A Helping Hand
44 Pages Posted: 5 Jan 2021
Date Written: January 1, 2019
The Americans with Disabilities Act is a paradigm shifting statute with sweeping implications. It sought to help fill the gap in protections for people with disabilities that had been left open by previous civil rights laws. Furthermore, Title II of the ADA has helped fill the gap left by § 1983. Although § 1983 is the most prevalent civil rights statute, it often runs up against the problem of qualified immunity. To defeat assertions of qualified immunity a plaintiff must show that a constitutional right was violated and that such right had been clearly established. However, qualified immunity does not apply in ADA Title II cases, which deal with suits against the States. In those cases, litigants do face the issue of “sovereign immunity.” To defeat claims of sovereign immunity, ADA litigants must show that either a constitutional right was violated or that abrogation of such immunity in the specific case at hand was in essence close enough to enforcing that right.
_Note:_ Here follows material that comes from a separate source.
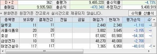 그리고 잔고를 확인해 보니, 수익도 손해도 없는 날에서 잔고는 큰 변동이 없이 그대로 있는 것을 볼 수 있습니다. 다만 문제는 총 수익률이 여전히 마이너스라서, 이래서는 앞으로는 계속해서 손해를 볼 수 밖에 없는데, 일단 이번 조건에서는 이렇게 가 보도록 하겠습니다.

In either case, a constitutional right must be identified under the facts of the case. It does not matter that the findings of a constitutional right would be under different statutes, litigants may refer to cases under either to find that a right was clearly established. This is so because (1) no case under either Bivens or § 1983 have held they are the exclusive mechanisms for establishing such rights—and indeed they themselves refer to each other frequently; and (2) the very nature of constitutional law is such that it does not matter which statute is used to enforce the constitution—i.e., the government action complained of is still unconstitutional whether under the ADA or § 1983. Therefore, litigants in § 1983 may unabashedly resort to cases under Title II of the ADA, dealing with abrogation of sovereign immunity, to show that a constitutional right was clearly established to defeat assertions of qualified immunity in non-ADA § 1983 cases. The effects of such a theory are clear: (1) it will expand the precedential body from which litigants can draw clearly established law, and (2) it will allow litigants whose rights would otherwise be protected by the ADA, save for minor faults, to resort to § 1983 to assert constitutional rights previously established in ADA abrogation cases.